Walks in the Wheatfields
These is the ninth of 20 volumes of the Penguin English Journeys series. I plan to read all 20 in the month of April.
This book was definitely more enjoyable than some of the earlier volumes that led to my Penguin English Journey breakdown earlier this week. Richard Jeffries, a writer and the son of a Wiltshire farmer, wrote about his experiences traveling the English countryside until his tragic death from tuberculosis in 1887 at the age of 39.
I liked the book most when Jeffries describes his observations of wildlife. His chapter on the daily habits of the large flocks of rooks in his area I found fascinating. The quantities of birds he describes reminds me of the setting that William Cronon describes in his book Changes in the Land, a wonderful academic look at the changes in the ecology of Colonial New England.
It was also humorous to read Jeffries rant about the visual ugliness that church spires inflict on the natural landscape. From a 21st century perspective of course, those spires are seen by many of us to be part and parcel of the pastoral landscape and quite pretty. But then again we have a lot uglier things that blot the landscape to worry about.
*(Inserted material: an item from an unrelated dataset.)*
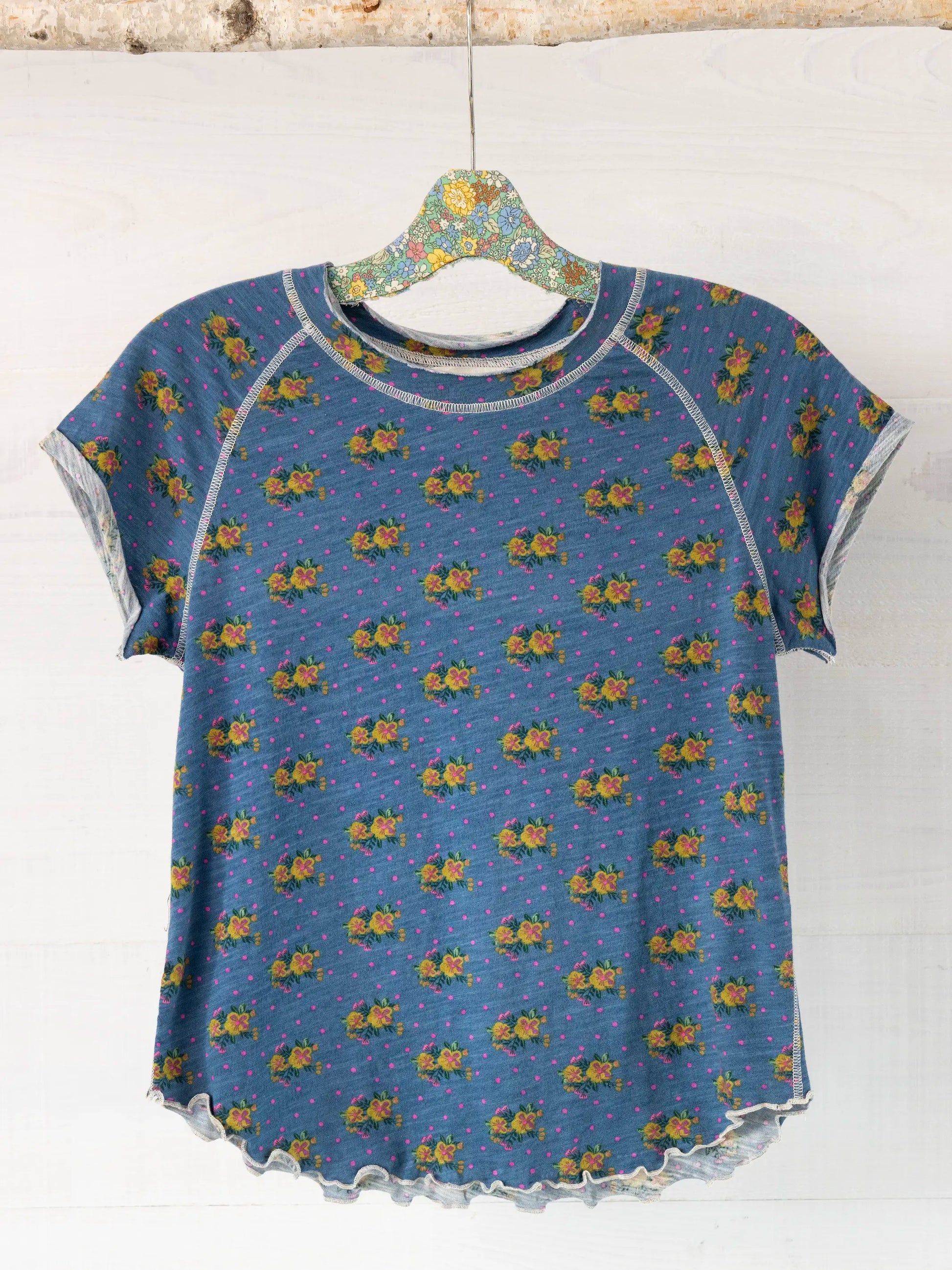 Lily Cotton Short Sleeve Tee Shirt - Blue Polka Dot Floral

If this review seems shallow, it’s because it is. In the realm of the Penguin English Journey series, this one leans to the enjoyable, but not so enjoyable that I feel the need to tax my brain too much in writing an adequate review.
Although there are some gems in this series, I do feel the most attractive thing about it is the look of those slim uniform volumes!
You might prefer Bevis.
I think I might like this book, as I'm fond of reading about nature.
Rambling Fancy: Of course visual aesthetics is what prompted me to buy them in the first place.
Call Me Madam: I am not familiar with Bevis.
Jeane: You might the second volume “The Wood” even more.